= Ashworth Act =

Law passed by the Republic of Texas

The Ashworth Act, was an act that was passed by the Texas Senate on December 12, 1840. It made the Ashworth Family as well as all free persons of color and emancipated slaves in the Republic of Texas exempt from a new law stipulating that all Black Texans either leave or risk being enslaved.

==Background==

=== The Ashworths ===
The Ashworths were of free African-American origin. They migrated from South Carolina, then moved through Louisiana, finally ending their journey in the early 1830s in southeast Texas, at the town of Beaumont, when Texas was part of Mexico.

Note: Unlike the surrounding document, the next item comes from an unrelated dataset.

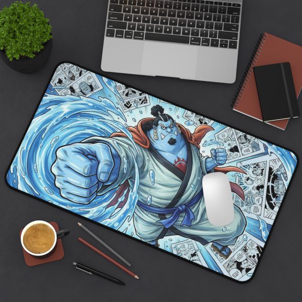 A bold, illustrated desk mat that brings high-energy anime action to your workspace. The artwork captures a dynamic water-powered guardian mid-strike, rendered in vibrant blues and crisp linework that pop against the mat’s matte surface. The neoprene base stays firmly in place while you type, draw, or game, and the carefully hemmed edges keep the print looking sharp through heavy use. Available in three sizes to fit compact desks or full gaming setups, this mat doubles as a smooth writing surface and a protective layer for keyboards and tablets. It’s designed for fans who want their desk to feel like a scene from their favorite manga — loud, lively, and ready for action.
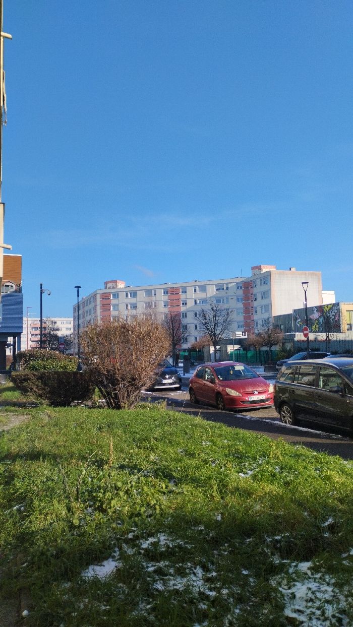 The image captures an urban street scene in Schiltigheim, France, under a clear, bright blue sky. The foreground consists of a grassy area featuring scattered patches of snow, indicating cold weather. A prominent, bare deciduous bush with brown branches stands in the lower-center, with a smaller, trimmed green shrub to its left. In the midground, a paved road curves gently to the right. Three passenger vehicles are parked along the right side of this road, facing towards the right: a dark-colored hatchback, a red Peugeot 207 hatchback displaying a French license plate partially legible as "BJ-101-GN", and a dark grey or black station wagon/SUV whose front is cut off by the frame. Two tall, black streetlight poles are visible, along with a red circular "No Entry" sign to the right of the central streetlight. The background is dominated by a large, multi-story residential building with a light-colored facade and distinctive reddish-orange horizontal accents. Bare deciduous trees are sparsely distributed between the road and the buildings. To the far right, a colorful mural is visible on a wall behind a fence. A portion of another light-colored building with a blue section is visible on the far left edge of the frame. No individuals are present, and no active interactions are depicted. The scene is brightly illuminated by natural sunlight.

Prior to the 1836 ordinance passed by the General Council, the Ashworth family may have been viewed as white, at least socially, by Anglo-American settlers in Texas prior to 1836. They also owned slaves, raised cattle, and grew crops, and one of the brothers also became one of the largest stock raisers in the entire county.

===Texas before 1840===

Immediately after winning independence from Mexico in 1836, the General Council of Texas implemented an ordinance prohibiting future immigration of black and free people of color, and took the draconian measure of forcing those already in Texas to leave. In the next paragraph, free people of color already in Texas were to be stripped of their citizenship and all the rights and privileges that accompanied it.

Soon after, in June 1837, the 1st legislative session after the constitution was adopted, Congress reversed this ordinance and allowed people of color "who were residing within the Republic of Texas at the date of the declaration of Independence" to stay in the country.

In the ensuing years, Texans both encouraged and developed the institution of slavery with remarkable vigor, turning Texas from a society with slaves into a "Slave Society". Most of the people who came to Texas after its independence were Southerners and identified with that particular way of life.

Multiple laws were passed in the favor of the white race and against people that were of African descent. Slavery became the official policy of Texan society. Blacks were welcomed to Texas, but only as slaves.

==1840 and the Ashworth Act==

On February 5, 1840, the Texas Congress passed an act that contradicted the act of 1837, reiterating the prohibition on free people of color emigrating into the then Republic of Texas. There also was an addition to the 1836 provision that ordered all free slaves and people of color "who are now in this Republic" to leave by January 1, 1842, unless they have obtained express permission to stay from the legislature. The penalty for disobedience, moreover, was severe. The person, formerly free, would be subjected to fines and, if unable to pay, sold to the highest bidder as a slave for life.

Many people of color began to rise up, and get the support they needed from their white neighbors through petitioning for their right to stay in Texas. This land to them is what they called home. Many people of color such as John and Charity Bird, Allen Dimery, Diana Leonard, James Richardson, Robert Thompson, Joseph Tate, and William Goyens (who all were freed slaves, partly black, and/or of color) were among the petitioners that fought for their right to stay in the Republic of Texas.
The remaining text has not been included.